IBM had nothing to do with VisiCalc. From the Wikipedia:

VisiCalc traces its history to a presentation that Dan Bricklin was watching while attending Harvard Business School. The professor was creating a financial model on a blackboard that was ruled with lines to create a table, and formulas and data were being written into the cells. When the professor found an error or wanted to change a parameter, he had to erase and rewrite a number of sequential entries in the table. Bricklin realized that he could replicate the process on a computer using an "electronic spreadsheet" to view results of underlying formulae.

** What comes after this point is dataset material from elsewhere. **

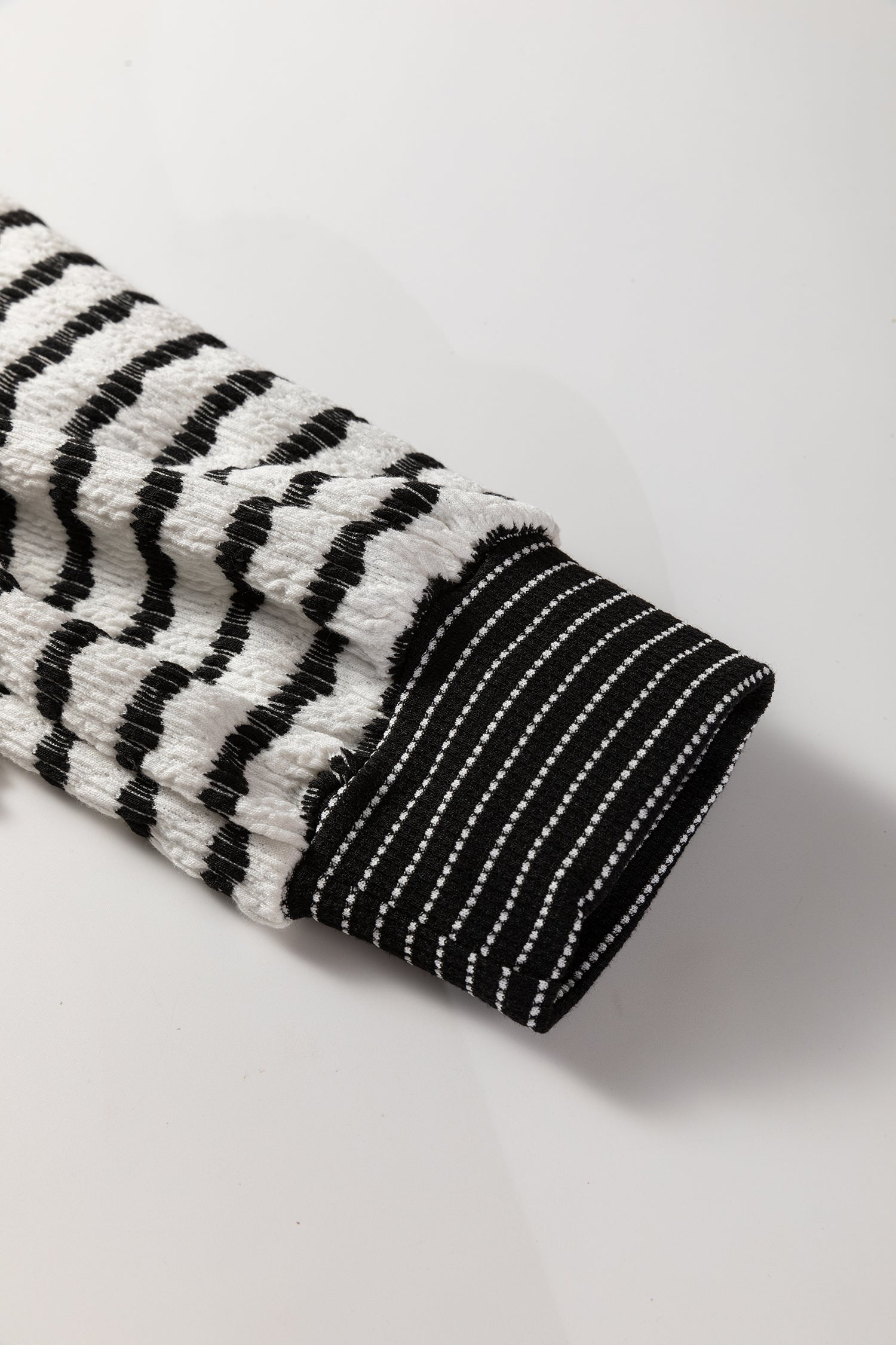 Khaki Stripe Collared Pullover Top and Drawstring Pant Set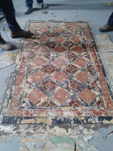 The beautiful Victorian mosaic discovered under the church floor during the renovations has been restored and is now displayed under a glass cover. Click here to see a photograph of it.

Bricklin was joined by Bob Frankston, and the pair worked on VisiCalc for two months during the winter of 1978–79, forming Software Arts. Bricklin wrote, "[W]ith the years of experience we had at the time we created VisiCalc, we were familiar with many row/column financial programs. In fact, Bob had worked since the 1960s at Interactive Data Corporation, a major timesharing utility that was used for some of them and I was exposed to some at Harvard Business School in one of the classes." Bricklin is referring to the variety of report generators that were in use at that time, including Business Planning Language (BPL) from International Timesharing Corporation (ITS) and Foresight, from Foresight Systems. However, these earlier timesharing programs were not completely interactive, nor did they run on personal computers.

Frankston described VisiCalc as a "magic sheet of paper that can perform calculations and recalculations", which "allows the user to just solve the problem using familiar tools and concepts". Personal Software began selling it in mid-1979 for under $100, after a demonstration at the fourth West Coast Computer Faire and an official launch on June 4 at the National Computer Conference. It required an Apple II with 32K, and supported saving to cassette or disk.